AM, arithmetic mean; ASD, arithmetic standard deviation; GM, geometric mean; GSD, geometric standard deviation; IQR, inter-quartile range; NEBCS, New England Bladder Cancer Study; NCI-SEER NHL, National Cancer Institute Surveillance Epidemiology and End Results Study of Non-Hodgkin’s Lymphoma; N, number; USKCS, US Kidney Cancer Study

^aExcludes subjects with start or stop years =‘don’t know’ or ‘refused’; Subjects included in analysis: NEBCS, females=371, males=1,036; USKCS, females=525, males=671; NCI-SEER NHL, females=458, males=523.

^bGeometric mean and standard deviation were calculated when data followed a lognormal distribution.

^cExcludes jobs with hours worked per week = ‘don’t know’ or ‘refused’; Jobs included in analysis: NEBCS, female jobs=1,813, male jobs=6,166; USKCS, female jobs=2,470, male jobs=3,598; NCI-SEER NHL, female jobs=1708, male jobs=2215.
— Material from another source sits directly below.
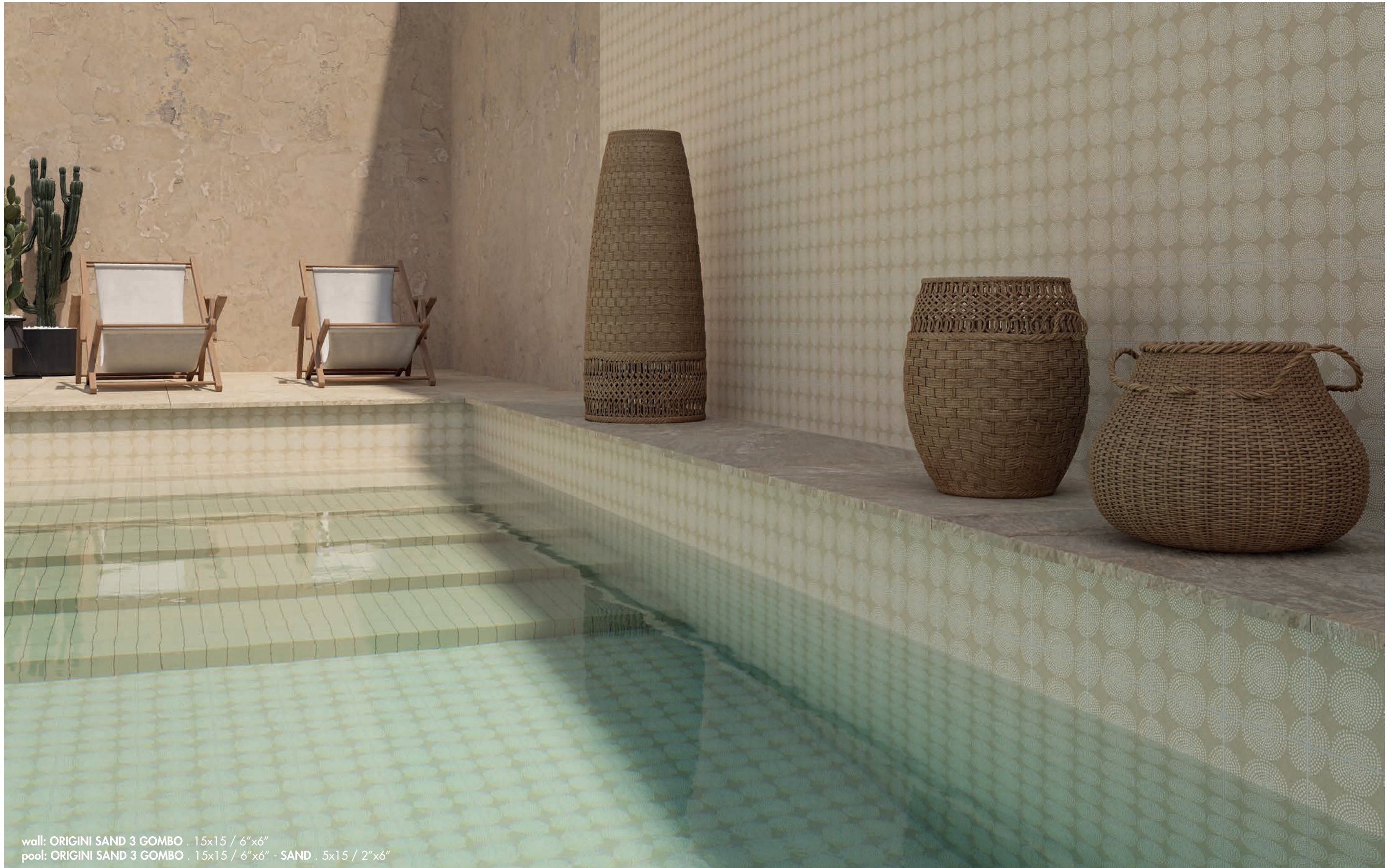
wall: ORIGINI SAND 3 GOMBO . 15x15 / 6"x6" pool: ORIGINI SAND 3 GOMBO . 15x15 / 6"x6" - SAND . 5x15 / 2"x6"

^dExcludes jobs with start or stop years = ‘don’t know’ or ‘refused’; Jobs included in analysis: NEBCS, female jobs=1,820, male jobs=6,193; USKCS, female jobs=2,488, male jobs=3,625; NCI-SEER NHL, female jobs=1708, male jobs=2,249.

Occupational Histories

The mean age at interview for female and male controls was 60 and 62, respectively (Table 3). Women’s first year worked was, on average, slightly later than men (AM 1963 vs.1959). Women reported holding fewer overall jobs (GM 3.6 vs. 4.6), working fewer hours per week (AM 37.5 vs. 44.8), and working at each job for fewer years (GM 4.7 vs. 5.2) than men.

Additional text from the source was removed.